Why Should Authors Be Concerned About Re-using Their own Previously Disseminated Work?

The apparent rise in student plagiarism in recent years has also given rise to technology that facilitates its detection (Royce 2003; see Scaife 2007 for a review). Thus, services like Turnitin® (http://www.turnitin.com/), which retain in their database a copy of every document that is submitted for analysis, should give students and others pause before they consider re-using, in part or in whole, an earlier submitted paper to satisfy the requirements of a new course.
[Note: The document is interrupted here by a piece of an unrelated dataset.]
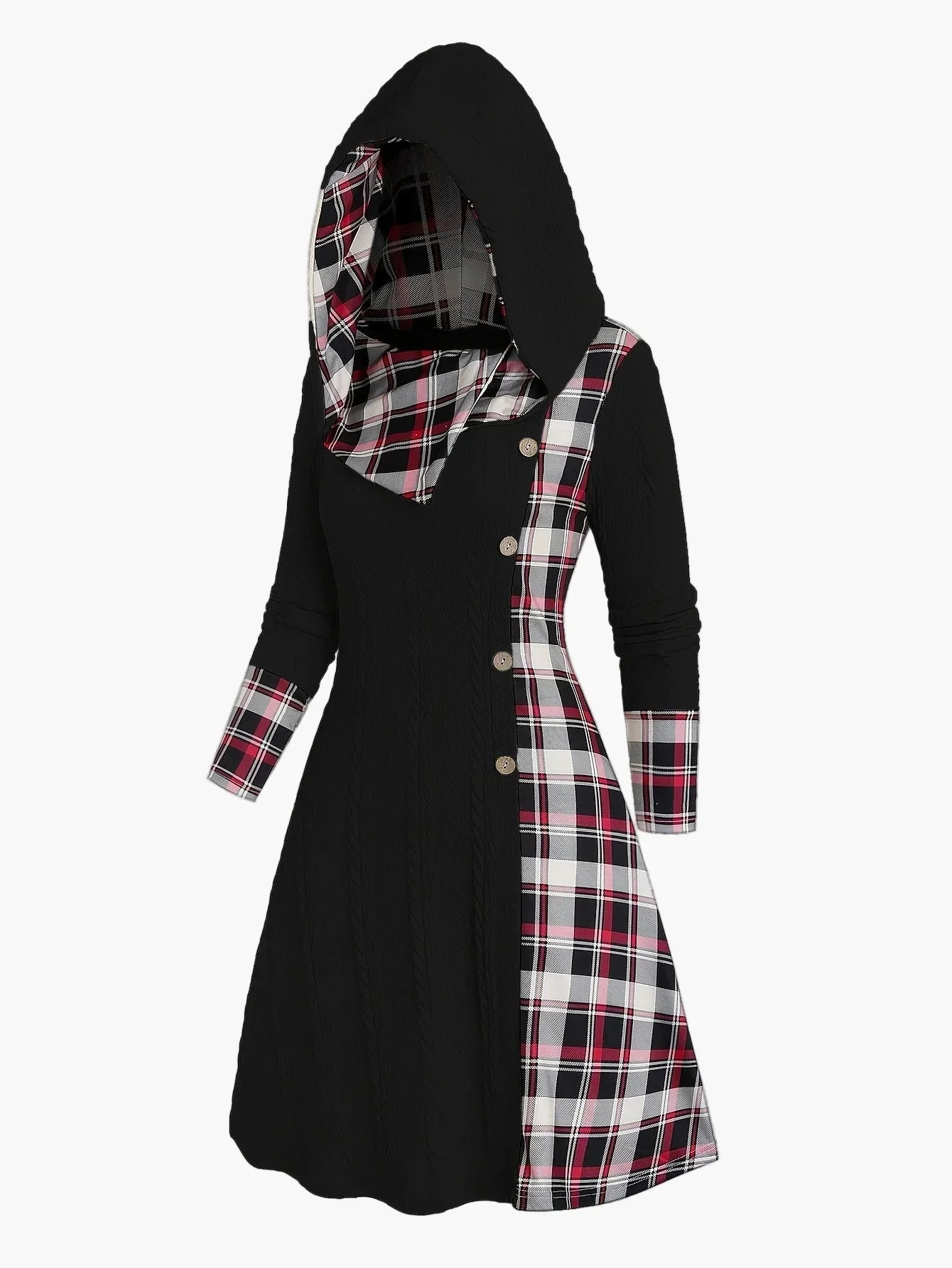 Dieses Damen Kapuzenkleid kombiniert den angesagten Strick-Look mit modernen Karodetails und sorgt so für einen auffälligen und stilvollen Auftritt. Die große Kapuze mit karierter Innenseite bietet nicht nur Schutz vor Wind und Wetter, sondern setzt auch modische Akzente. Der asymmetrische Schnitt mit Knopfleiste und das kontrastierende Karomuster an Ärmel, Rock und Kapuze machen dieses Kleid zu einem echten Hingucker.

At the professional, academic level, the increasing digitization and wider availability of scholarly and scientific print material means that a point will be reached soon – at which all academic written work will be easily identified, retrieved, stored, and processed in ways that are inconceivable at the present time. Actually, evidence suggests that students may already be sensitized to this possibility. For example, requiring them to submit their academic work electronically results in an increase in their awareness of various forms of plagiarism and possibly deter some of these behaviors (Mazer and Hunt 2012). Consider the fact that many academic journals use some type of plagiarism-detection software, such as Crosscheck®, to screen submitted manuscripts being considered for publication (see http://www.crossref.org/01company/06publishers.html). Editors using this technology have become alarmed at the large number of submissions containing plagiarized content (Baždarić et al. 2012; Bazdaric 2012; Shafer 2011) and likely self-plagiarized material as well. In addition, it is possible that other tools, such as eTBLAST and its resulting database, Déjà vu (Errami et al. 2008), which has already led to various retractions in the biomedical literature (Errami et al. 2008), are likely to become an established tool for use in screening scientific journal articles and perhaps other non publication domains, such as grant proposals.

Summary

In view of the increasing attention being given to the topic of self-plagiarism and of the recent developments in software technology designed to detect text re-use, students and professionals may need to reconsider previous practices with respect to publication. Doing so will be difficult for some, particularly for those who fail to see self-plagiarism as a questionable practice for those who may have limited language/writing skills and have relied heavily on the practice of recycling their previously written content. At a time when calls for transparency in science are at all-time high, keeping in mind the reader-writer contract throughout all stages of their scholarly activity may lead authors to adopt writing and other research practices that are more sensitive to the principles of responsible scientific and scholarly conduct. In turn, it is possible that these same attitudes may extend to other areas of personal and professional academic behavior.